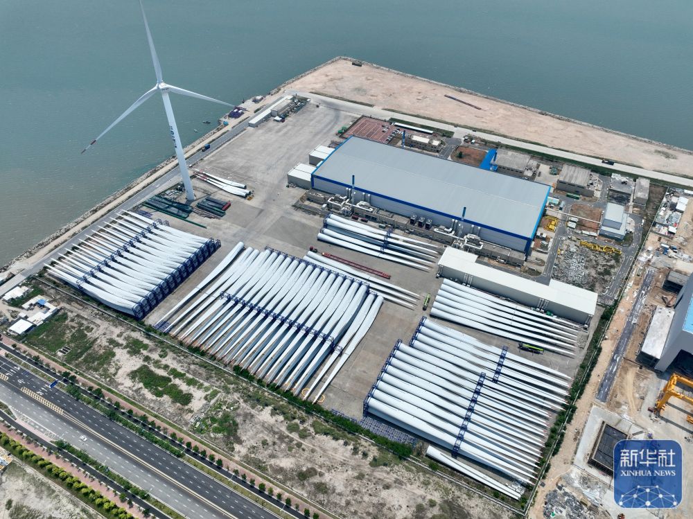 ↑福建三峽海上風(fēng)電國際產(chǎn)業(yè)園內(nèi)東方電氣風(fēng)電(福建)有限公司生產(chǎn)基地一角(2023年11月10日攝,無人機(jī)照片)。
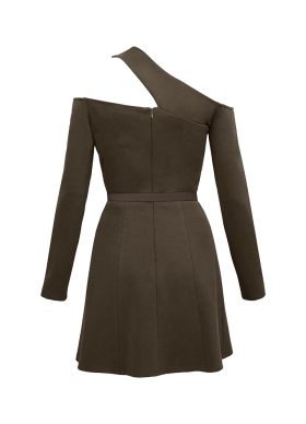 Rochie scurta kaki din vascoza cu top asimetric si maneci lungi Bonnie
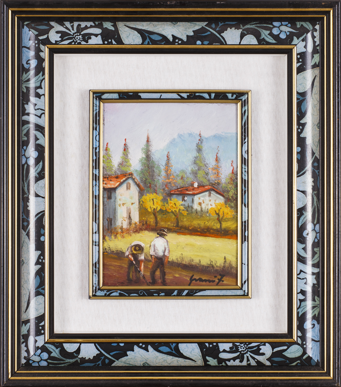 Lot 31 | FRANCESCO GRASSI (1940)Raccolta di patate in BrianzaOlio su cartonecm...
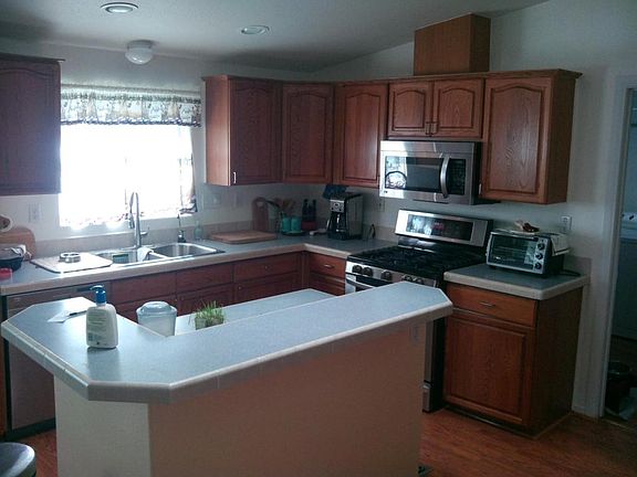 Must see home in this beautiful 55+ gated community. Bright open 3 bedroom, bath floorplan. Eat in kitchen has laminate flooring, new stainless steel appliances, new sink and faucet, island and skylight. The kitchen is open to the living room which has a door out to the covered porch where there are views of the Manzanos. Private backyard. Master bath has garden tub and separate shower. All bedrooms have walk in closets. Community clubhouse with kitchen, dining/meeting room, library, computer room and card room. Recreation building with enclosed heated pool, billiard and exercise rooms. RV storage is available.

- [Exercise objective]: Your response must consist of the lines from the beginning of the data through the line containing "Lot 31 | FRANCESCO", transcribed exactly, with no pictures.

- [Reply]:
 ↑福建三峽海上風(fēng)電國際產(chǎn)業(yè)園內(nèi)東方電氣風(fēng)電(福建)有限公司生產(chǎn)基地一角(2023年11月10日攝,無人機(jī)照片)。
 Rochie scurta kaki din vascoza cu top asimetric si maneci lungi Bonnie
 Lot 31 | FRANCESCO GRASSI (1940)Raccolta di patate in BrianzaOlio su cartonecm...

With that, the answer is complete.